A Pequenez do Brasil Grande

ELIANE BRUM – 17/10/2011 10h26 – Atualizado em 17/10/2011 10h26

TAMANHO DO TEXTO

A pequenez do Brasil Grande

A ditadura acabou, mas a palavra “desenvolvimento” continua sendo torturada para confessar o que o governo deseja que o povo acredite

 

(…) ” Durante todo o processo de Belo Monte, nunca houve uma consulta específica aos indígenas. Ficamos esperando que acontecesse, mas não aconteceu. O governo federal apenas mente que nos escutou. E nós lutamos para mostrar que não fomos escutados e, sim, queremos e temos o direito de sermos ouvidos.” (diz Sheyla Juruna)

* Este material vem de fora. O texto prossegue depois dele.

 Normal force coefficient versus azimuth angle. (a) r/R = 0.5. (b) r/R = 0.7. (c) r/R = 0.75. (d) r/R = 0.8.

Eu lembro bem da ditadura militar. Era pequena, mas ela marcou a minha vida de várias maneiras. Quando cresci, li tudo o que pude sobre esse período histórico, porque queria adquirir maior conhecimento. E, quando me tornei jornalista, escutei muitas vítimas do regime. Quando criança, porém, ao folhear as revistas dos anos 70, não conseguia evitar um certo fascínio ao deparar-me com a propaganda do governo militar sobre a Amazônia, naquele tempo tão distante de mim quanto a Lua. “Uma terra sem homens para homens sem terra”, “Integrar para não entregar”, “Deserto verde”… eram alguns dos slogans e expressões que povoavam a ocupação da floresta pela ditadura. Só quando cresci eu soube que sempre tinham existido muitos homens, mulheres e crianças na Amazônia – e que parte deles havia sido vítima de genocídio na ocupação promovida pelo Estado brasileiro. E que não havia deserto, só verde. O deserto veio depois, patrocinado pelo governo e financiado por dinheiro público.

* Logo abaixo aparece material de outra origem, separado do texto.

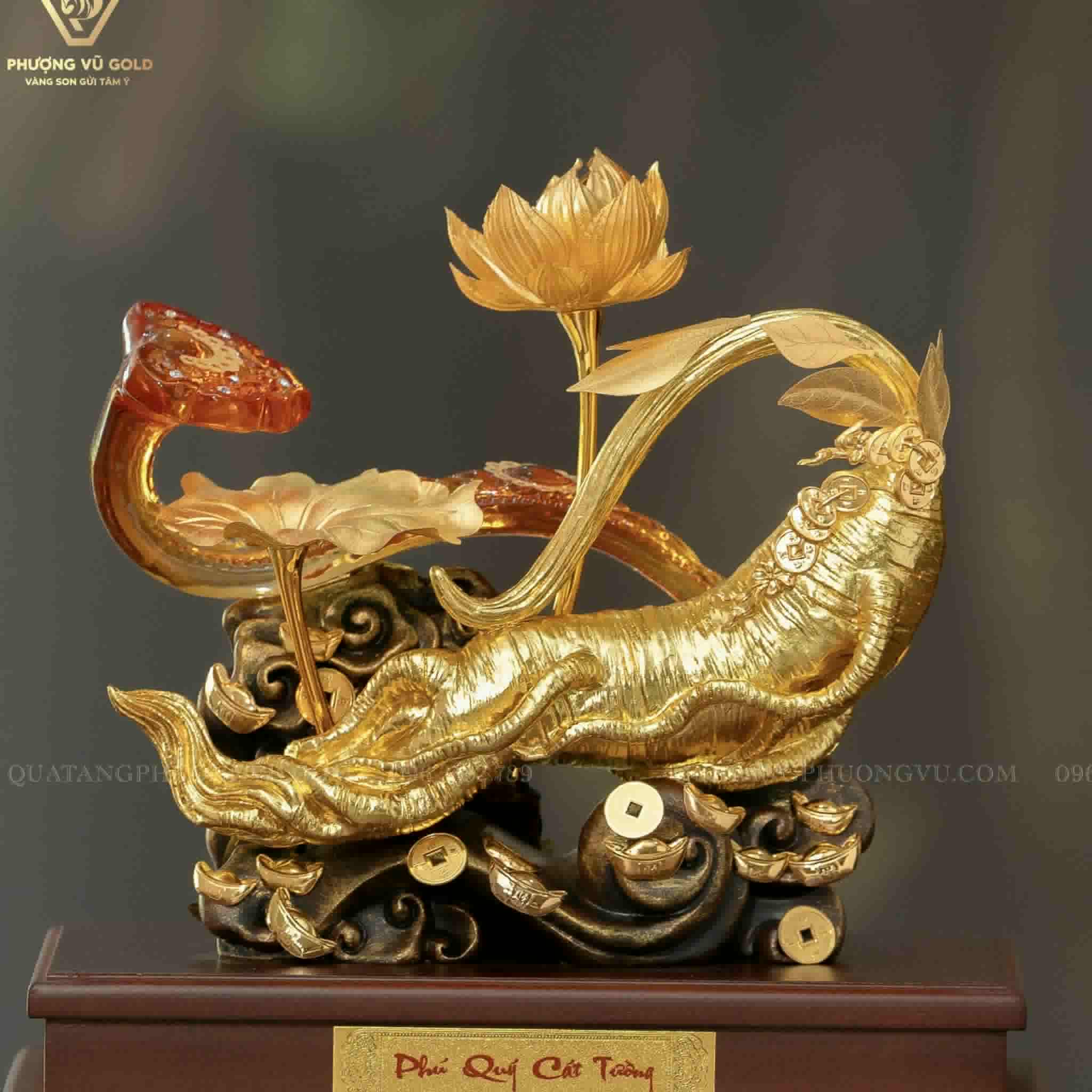Sâm Ngọc Linh Sen Như Ý Mạ Vàng 24K – Quà Tặng Sang Trọng | Phượng Vũ Gold

Depois de tudo, agora me espanto com a sensação de estar revivendo algo fora de época. O PAC para a Amazônia do governo Lula e agora do governo Dilma é um grande projeto de ocupação baseado em obras faraônicas, financiadas por dinheiro público, com a mesma lógica predatória e imediatista do passado. E, principalmente, com o mesmo o discurso do desenvolvimento. Não o desenvolvimento sustentável, que mobiliza o planeta, mas aquele surrado desenvolvimento dos velhos tempos. Só não se fala – muito – em “progresso”, porque esta palavra realmente até os mais obtusos teriam dificuldade de engolir na segunda década do século XXI.

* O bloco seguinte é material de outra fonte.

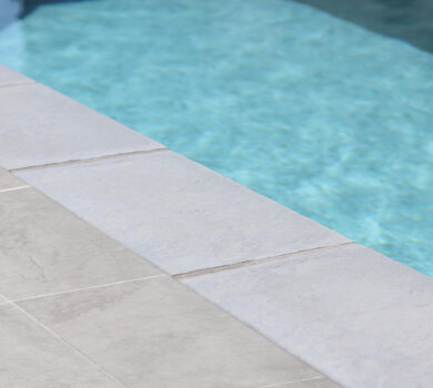 Tutti i bordi per piscine grigi in pietra ricostituita subiscono un’evoluzione del loro colore nel tempo.

Tenho virado as páginas de jornais e revistas da democracia e lido coisas que me remetem a uma época em que a imprensa vivia sob censura. Pego na porta de casa o exemplar dominical de um dos maiores jornais do país. E lá está a manchete: “Amazônia vira motor de desenvolvimento”. Tive uma sensação estranhíssima. Me lembrava de muitos títulos parecidos, mas nos anos 70. A certa altura da reportagem, leio lá: “Para acelerar a implantação dos projetos, o governo federal estuda uma série de mudanças legais. Entre elas estão a concessão expressa de licenças ambientais, a criação de leis que permitam a exploração mineral em áreas indígenas e a alteração do regime de administração de áreas de preservação ambiental”.


Ou seja: o governo federal pretende anular as conquistas democráticas das duas últimas décadas na área socioambiental. Em nome do mesmo tipo de desenvolvimento pregado na ditadura, com consequências amplamente documentadas: devastação, genocídios, conflitos e assassinatos que seguimos testemunhando. Como se 40 anos não tivessem se passado desde a década de 70 – e como se nesse período o povo brasileiro não tivesse reconquistado a democracia e as melhores cabeças do planeta não tivessem compreendido que a grande riqueza natural e estratégica para o futuro é a água e a biodiversidade.


Sim, o “desenvolvimento” está de volta. Não que algum dia tenha abandonado as mentes ávidas de alguns, arcaicas de outros, mas o surpreendente agora é que nem mesmo existe a preocupação de disfarçar o dinossauro com um modelito mais fashion. Repetem por aí que se as obras não saírem vai faltar luz na casa dos pobres e este é todo o respeito (não) demonstrado pela inteligência do povo que os elegeu. E, o mais inusitado: as velhas ideias sobre a ocupação da Amazônia saem do papel para a floresta concreta justamente nos governos do primeiro presidente operário e da primeira mulher presidente – em cuja biografia está o combate à ditadura militar a um custo pessoal bem alto.


Não é espantoso? O Brasil segue sendo um país assinalado pelo absurdo. E, como diria Sheyla Juruna, estranhar é preciso.